HBM Bandwidth - Pseudo Random Ethash¶
This is a HBM bandwidth example using a pseudo random 1024 bit data access pattern to mimic Ethereum Ethash workloads. The design contains 3 compute units of a kernel, reading 1024 bits from a pseudo random address in each of 2 pseudo channels and writing the results of a simple mathematical operation to a pseudo random address in 2 other pseudo channels. To maximize bandwidth the pseudo channels are used in P2P like configuration - See https://developer.xilinx.com/en/articles/maximizing-memory-bandwidth-with-vitis-and-xilinx-ultrascale-hbm-devices.html for more information on HBM memory access configurations. The host application allocates buffers in 12 HBM banks and runs the compute units concurrently to measure the overall bandwidth between kernel and HBM Memory.
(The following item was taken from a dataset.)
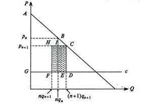 На рисунке видно, что сумма, на которую увеличивается валовой излишек (площадь ВCI плюс CDEI), меньше валовой прибыли, которую получает последняя вошедшая на рынок фирма (площадь CDFH). Это означает возможность серьезного расхождения частной и общественной мотивации входа на рынок n+1-й фирмы. Допустим, что издержки входа А: таковы, что BCI + CDEI< к < CDFH. В этом случае вход на рынок выгоден с частной точки зрения (положительная чистая прибыль), но не с общественной (увеличение валового излишка не возмещает издержек входа). При таких обстоятельствах свободный вход привел бы к избыточному входу.
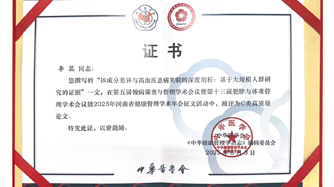 在本次会议中,东华原除了凭借优越的健康体检设备精彩亮相,引发关注;此外,来自东华原研发中心李蕊的论文《体成分差异与高血压患病关联的深度剖析:基于大规模人群研究的证据》被评为C类高质量论文。

KEY CONCEPTS: High Bandwidth Memory, Multiple HBM Pseudo-channels, Random Memory Access, Linear Feedback Shift Register
KEYWORDS: HBM, XCL_MEM_TOPOLOGY, cl_mem_ext_ptr_t
This is host application to test HBM interface bandwidth for pseudo random 1024 bit data access pattern, mimicking Ethereum Ethash workloads. Design contains 3 compute units of Kernel. Each compute unit reads 1024 bits from a pseudo random address in each of 2 pseudo channels and writes the results of a simple mathematical operation to a pseudo random address in 2 other pseudo channels. Host application allocates buffers into all 12 HBM Banks (6 Input buffers and 6 output buffers). Host application runs all 3 compute units together and measures the overall HBM bandwidth.
HBM is a high performance RAM interface for 3D-stacked DRAM. HBM can provide very high bandwidth greater than 400 GB/s with low power consumption (HBM2 ~ 20W vs GDDR5 ~ 100W). These 32 memory resources referenced as HBM [0:31] by v++ are accessed via 16 memory controllers.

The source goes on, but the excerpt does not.